JERSEY CITY – Mayor Steven M. Fulop was joined by State Senator Sandra B. Cunningham, Assemblywoman Angela V. McKnight and the Jersey City Council to announce the second phase of the City Hall Annex project, including two new buildings which will include municipal offices, community space, and a parking deck, as well as a rebrand of the HUB to ‘Jackson Square’. Together, the three buildings will represent a $68 million dollar investment in the area, the largest public investment the City has seen in decades.

“Today is an important day for the future of this neighborhood and this City, and I am proud to announce the second phase of a project that will continue to bring life and investment back to the residents of Bergen-Lafayette,” said Mayor Fulop. “We are taking an active role in shaping the future of this square through this major investment, and we are confident in the ability for this complex to bring economic activity and opportunity to an area that deserves it. With community space, a parking deck, and dozens of City offices, the new Jackson Square will become a central location for municipal and community activity, and I am incredibly excited to continue making progress here.”

The plans for the two additional buildings will be heard by the City Council at a first reading on Wednesday, April 25th. Once approved, the design of the buildings will begin immediately, with construction beginning in 6 months and completion expected within 12-18 months of the groundbreaking.

“I am so proud to stand here today to celebrate the opening of the City Hall Annex, and I am especially proud of the new name for the square, which represents two African American brothers who came out of slavery and settled here. This is an area that we are proud to support, and we want the community to be proud to live here too,” said Senator Cunningham.

The first of the two new buildings will be named after former Councilwoman Melissa Holloway, and will be located behind to the current City Hall Annex. The building will include a parking deck, meeting space, and a performance space available to the community. The building’s meeting space will be used for a variety of board meetings, including Planning, Zoning, Tenant/Landlord, and the Jersey City Redevelopment Authority. By including space for these citywide boards to meet in the Annex complex, the City hopes to encourage public engagement in the neighborhood, as well as bring evening activity to the complex on weeknights. Lastly, the second new building will include a community performance space that will be available for public use. The parking deck will be also available to the public after business hours and on weekends, helping to alleviate parking challenges of local residents.

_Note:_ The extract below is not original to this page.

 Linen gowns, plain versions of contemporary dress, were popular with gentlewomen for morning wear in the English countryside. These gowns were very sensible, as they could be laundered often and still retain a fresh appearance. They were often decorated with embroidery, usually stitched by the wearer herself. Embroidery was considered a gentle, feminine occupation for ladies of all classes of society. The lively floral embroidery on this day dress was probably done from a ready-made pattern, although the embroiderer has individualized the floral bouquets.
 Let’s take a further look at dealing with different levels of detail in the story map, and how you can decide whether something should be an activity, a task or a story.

The second building, which is located adjacent to the Annex, will be a rehab project of the existing building at 342 MLK Drive.

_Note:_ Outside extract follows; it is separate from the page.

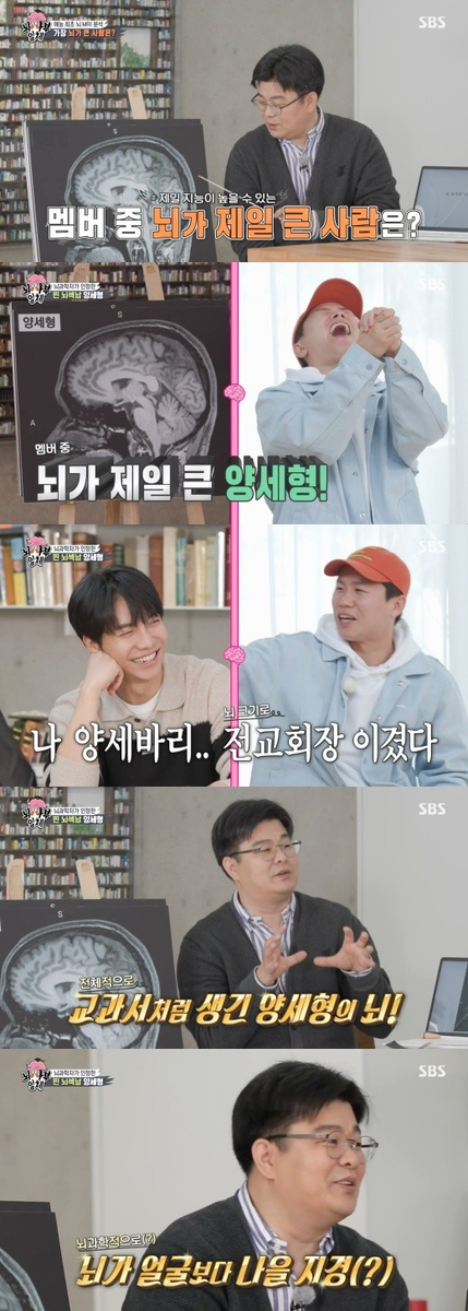 Yang Se-hyung was chosen as the person with the biggest brain among the members. In the SBS entertainment program 'All The Butlers', which was broadcast on the afternoon of the 27th, I visited the house of Korea's best brain scientist, KAIST professor Jeong Jae-seung. Before meeting with Jung Jae-seung, the members had brain MRI scans, and based on this, Jung Jae-seung selected and announced the person with the largest brain among the members. Prior to the announcement, to Ri-jung's question whether a big brain is smart, Jeong Jae-seung answered yes, and the members began to stir. Jung Jae-seung said, "Normally, people with large faces have a higher chance of having a large brain." Compared to other normal animals, this is not the case. Whales and elephants have bigger brains than humans.” Jaeseung Jeong also said, “How about comparing the same species? Men's brains are larger than women's, but their intelligence is similar. So, when comparing men and women together, brain size do

Between the two buildings, the City offices that will be relocated there include: Community Development, Housing Code Enforcement, Tenant/Landlord Relations, Commerce, Welcoming Communities, Office of Diversity, Office of Compliance, Resident Response representative, Mayor’s Office representative, and the Ward F Council Office.

In addition to the new buildings, the area now known as the HUB will be rebranded as Jackson Square, helping to bring new energy and excitement back to this section of MLK Drive. The Square is being named after Thomas and John Vreeland Jackson, who were freed slaves that settled in the area in 1831. During the Civil War, their home became a safe house and an important link in the Underground Railroad.

The City Hall Annex, which is financed through a lease-to-own agreement with the developer Brandywine over 25 years, was built at no cost to the city and will save approximately $700,000 in rent per year. The two subsequent buildings will be built or rehabbed through the same lease-to-own financing plan. In comparison to a traditional general obligation bond approach, the City will save $16 million through the lease-purchase agreement.